▶ _What you have to do_
For this exercise, return exactly the lines of the material below that begin at the one with "Thanks to its" and stop after the one with "Bouteille en acier".

▶ _Task material_
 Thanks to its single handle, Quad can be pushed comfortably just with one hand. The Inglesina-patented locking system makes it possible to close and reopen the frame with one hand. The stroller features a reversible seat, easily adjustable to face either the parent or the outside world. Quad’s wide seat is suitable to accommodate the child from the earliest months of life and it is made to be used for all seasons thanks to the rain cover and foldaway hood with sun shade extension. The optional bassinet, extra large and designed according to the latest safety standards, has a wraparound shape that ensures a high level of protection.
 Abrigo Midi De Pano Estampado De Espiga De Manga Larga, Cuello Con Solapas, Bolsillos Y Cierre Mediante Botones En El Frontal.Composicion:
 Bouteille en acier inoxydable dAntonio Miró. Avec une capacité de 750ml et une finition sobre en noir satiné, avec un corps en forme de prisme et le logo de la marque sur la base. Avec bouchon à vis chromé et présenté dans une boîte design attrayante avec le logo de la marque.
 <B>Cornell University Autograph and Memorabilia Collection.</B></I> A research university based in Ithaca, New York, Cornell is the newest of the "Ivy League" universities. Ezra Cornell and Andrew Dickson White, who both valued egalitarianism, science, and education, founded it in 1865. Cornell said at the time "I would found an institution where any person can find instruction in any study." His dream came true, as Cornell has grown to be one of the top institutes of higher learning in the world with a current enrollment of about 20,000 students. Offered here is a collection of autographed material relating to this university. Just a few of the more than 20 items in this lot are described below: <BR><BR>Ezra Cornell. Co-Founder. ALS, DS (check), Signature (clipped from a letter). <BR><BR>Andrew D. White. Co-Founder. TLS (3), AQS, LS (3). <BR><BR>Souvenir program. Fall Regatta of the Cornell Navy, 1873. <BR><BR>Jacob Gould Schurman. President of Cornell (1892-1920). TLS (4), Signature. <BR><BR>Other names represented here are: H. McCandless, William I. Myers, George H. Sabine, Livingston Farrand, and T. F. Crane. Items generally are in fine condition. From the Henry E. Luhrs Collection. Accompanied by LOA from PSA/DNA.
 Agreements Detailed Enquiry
==
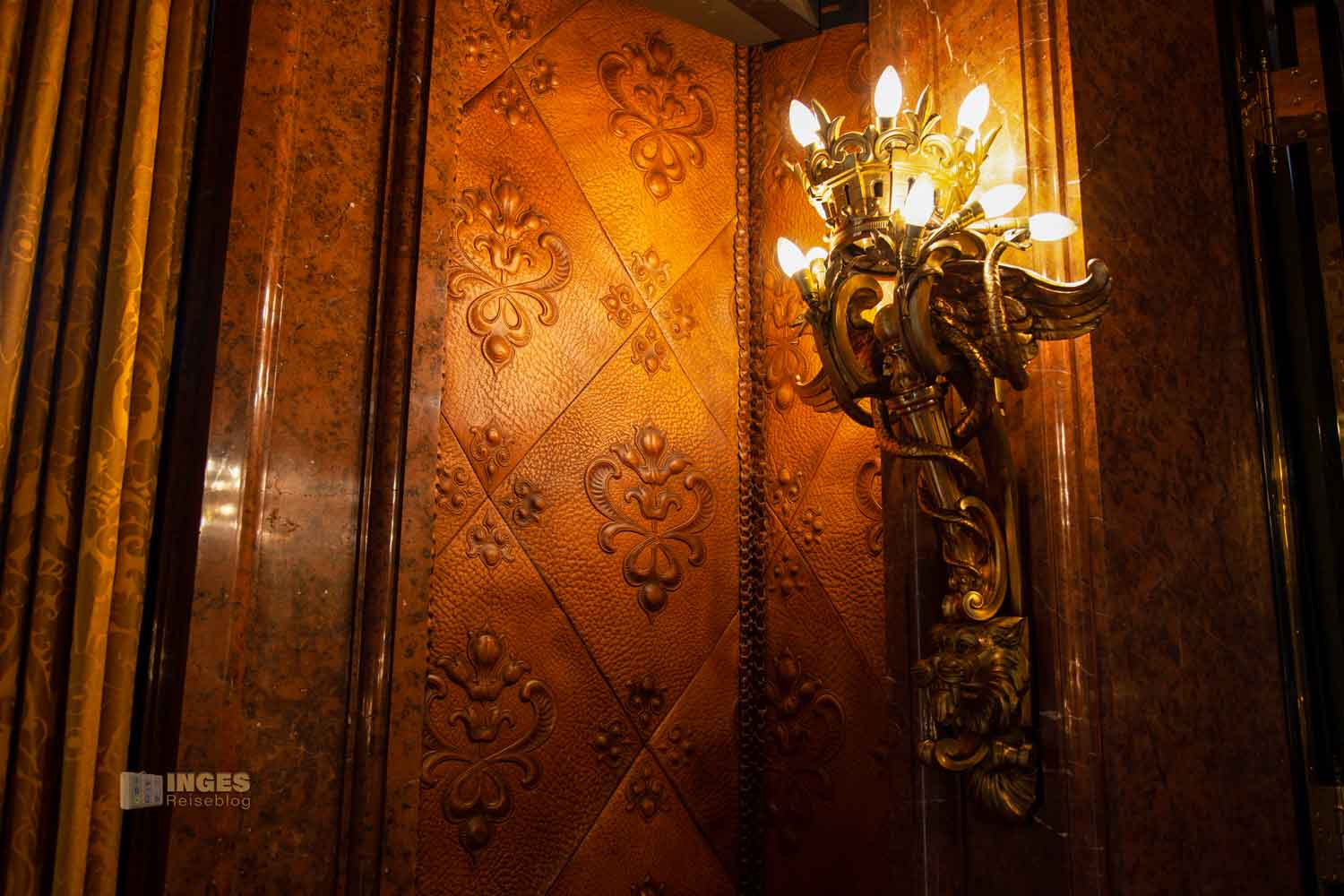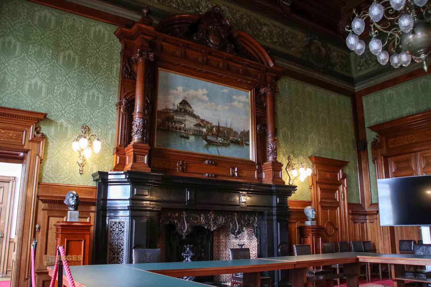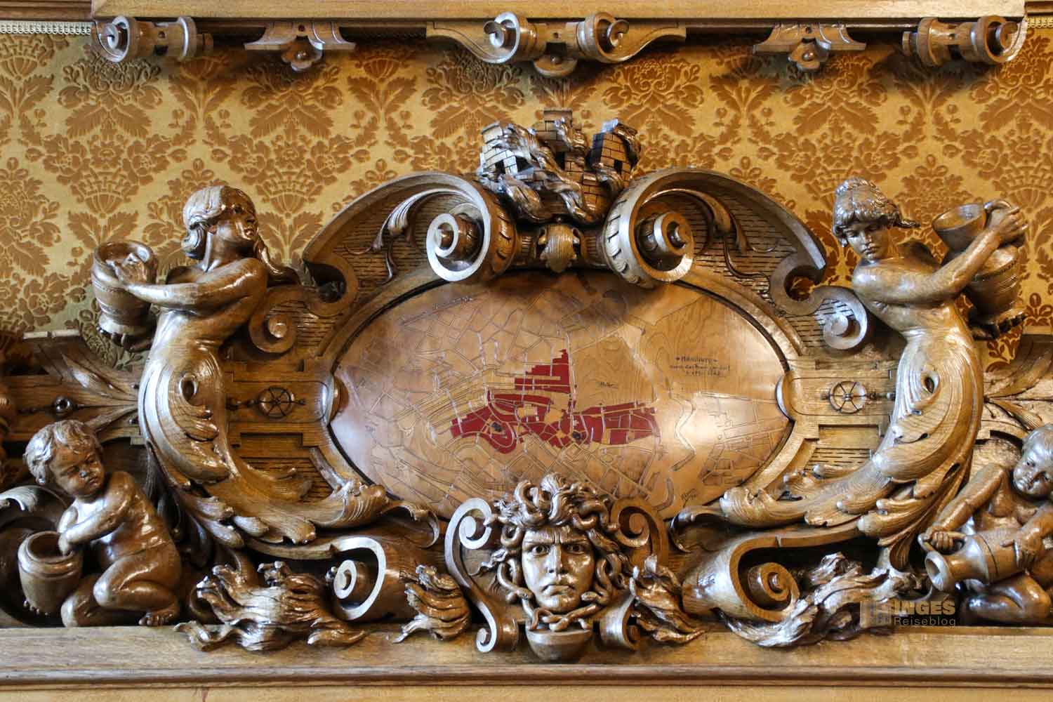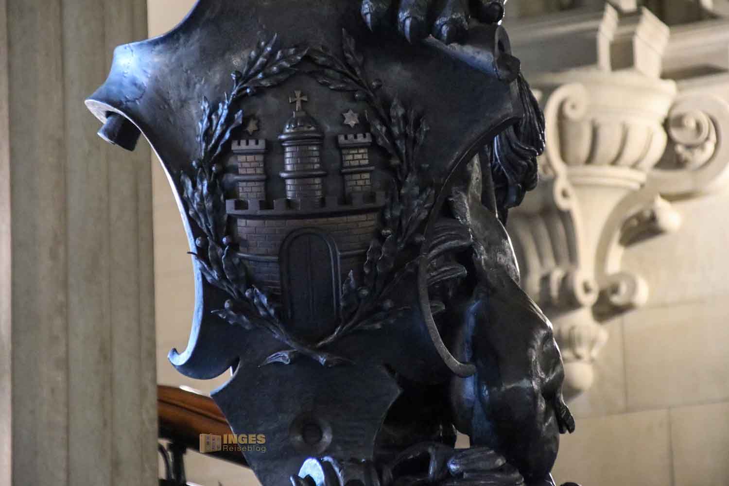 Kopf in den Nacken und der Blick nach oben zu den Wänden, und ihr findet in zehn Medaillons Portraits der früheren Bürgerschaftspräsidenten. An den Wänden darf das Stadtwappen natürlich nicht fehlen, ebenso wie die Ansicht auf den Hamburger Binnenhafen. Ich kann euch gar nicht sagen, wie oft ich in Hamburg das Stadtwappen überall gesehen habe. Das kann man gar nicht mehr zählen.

▶ _Output below_
 Thanks to its single handle, Quad can be pushed comfortably just with one hand. The Inglesina-patented locking system makes it possible to close and reopen the frame with one hand. The stroller features a reversible seat, easily adjustable to face either the parent or the outside world. Quad’s wide seat is suitable to accommodate the child from the earliest months of life and it is made to be used for all seasons thanks to the rain cover and foldaway hood with sun shade extension. The optional bassinet, extra large and designed according to the latest safety standards, has a wraparound shape that ensures a high level of protection.
 Abrigo Midi De Pano Estampado De Espiga De Manga Larga, Cuello Con Solapas, Bolsillos Y Cierre Mediante Botones En El Frontal.Composicion:
 Bouteille en acier inoxydable dAntonio Miró. Avec une capacité de 750ml et une finition sobre en noir satiné, avec un corps en forme de prisme et le logo de la marque sur la base. Avec bouchon à vis chromé et présenté dans une boîte design attrayante avec le logo de la marque.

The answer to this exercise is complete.